Well, we received an application.
It came in the form of a letter to the editor from Port Jefferson attorney Tara Scully, whose resume could include this entry:
Victimized once already by the backroom deals that have rigged races for judgeships in Suffolk for years.
More on that later.
Scully, a registered Republican and the daughter of Suffolk Deputy County Executive Peter Scully, told The Point she is collecting petitions to run in both the GOP and Democratic primaries for surrogate this fall. The 2,000 petitions required for each line must be submitted by Thursday, and Scully says she’s on track to meet the deadline.
That would launch a wrecking ball at the plans of Democratic Party county leader Rich Schaffer, who once again has put together a cross-endorsement deal that serves party leaders but not voters.
This year’s agreement involves nine judgeships. The flagship deal is for surrogate judge, a patronage-rich position that assigns lucrative legal work, like the processing of wills and guardianships. Bosses expect those assignments to go to party stalwarts. For more than 100 years, Republicans have held the position.
Schaffer agreed to give his party’s line to Marian Rose Tinari, a District Court judge who is running on the Conservative Party line and, perhaps more important, is married to the minor party’s chairman, Frank Tinari.
The editorial board’s criticism of the charade of parties to the right and left of the GOP allying in this and two other judgeships hit home with Scully, a former president of the Suffolk County Women’s Bar Association whose practice dealing primarily with trusts, estates and elder law has given her experience with Surrogate’s Court.
“When the possibility of entering the race for Surrogate’s Court Judge arose,” she wrote in her letter to the editor, “it became apparent that it offered not only an opportunity to make a difference but provided an even greater opportunity to effectuate change in the political climate in Suffolk County.”

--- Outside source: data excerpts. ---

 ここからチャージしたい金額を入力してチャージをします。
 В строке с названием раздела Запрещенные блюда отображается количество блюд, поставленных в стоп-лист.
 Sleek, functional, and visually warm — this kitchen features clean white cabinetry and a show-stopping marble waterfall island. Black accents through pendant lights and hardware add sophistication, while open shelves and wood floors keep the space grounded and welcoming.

In 2015, Scully lost a Brookhaven District Court judgeship race to two candidates with cross-endorsements: Conservative James Flanagan, the front-runner who also was backed by the GOP, and Stephen Ukeiley, a Democrat who picked up Conservative backing and beat Scully by 173 votes out of 87,010 cast.

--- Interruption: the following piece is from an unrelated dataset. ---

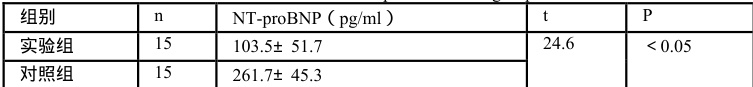 实验组的血清 NT-proBNP 水平为 103.5± 51.7pg/ml ,对照组的血清 NT-proBNP 水平为261.7± 45.3pg/ml ,实验组明显低于对照组,差异有统计学意义 (P<0.05) ,(见表1)。
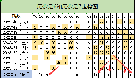 尾数6和尾数7号码走势:

If Scully’s petitions withstand inevitable challenges, her presence on primary ballots would ensure voters have choices. Isn’t that what elections are about?
Michael Dobie and Rita Ciolli
Flanagan’s RSVP to Cuomo’s invite
The pinball game that is New York politics lit up anew on Wednesday with State Senate Majority Leader John Flanagan telling The Point that he would consider calling his conference back for a special session by September, including to consider abortion legislation.
“I am not averse to coming back,” Flanagan told us. “But first there has to be a legitimate agreement with the governor and the speaker on all outstanding issues,” he said.
Flanagan said that included local bills, speed cameras, teacher evaluations and lifting the cap on the number of charter schools downstate, and abortion.
Flanagan said he wanted Gov. Andrew M. Cuomo to have a “legitimate conversation” about state laws on abortion, which the majority leader said already protect most women seeking to end pregnancies. Flanagan also said the Reproductive Health Act that Cuomo supports goes way beyond the protections in Roe v. Wade, and there would be little support for it in the GOP. However, if there were new legislation, he would take it to his conference. “Given the magnitude and seriousness of this issue, we would need to have detailed discussions in our conference on the specific language,” he said.
While there always was a possibility legislators would return to Albany to address some local measures that didn’t get passed in the Big Ugly’s last days in June, the emergence of a U.S. Supreme Court vacancy and the chance that Roe v. Wade could be overturned changed the calculation. In recent days, Cuomo has attacked State Senate Republicans for not passing a bill that would expand abortion rights in New York, and he demanded that lawmakers return to Albany.
While Speaker Carl Heastie was steadfast that there was no need for the Assembly to return, on Tuesday he said the Reproductive Health Act needed to pass. And some senators started to agitate for a special session.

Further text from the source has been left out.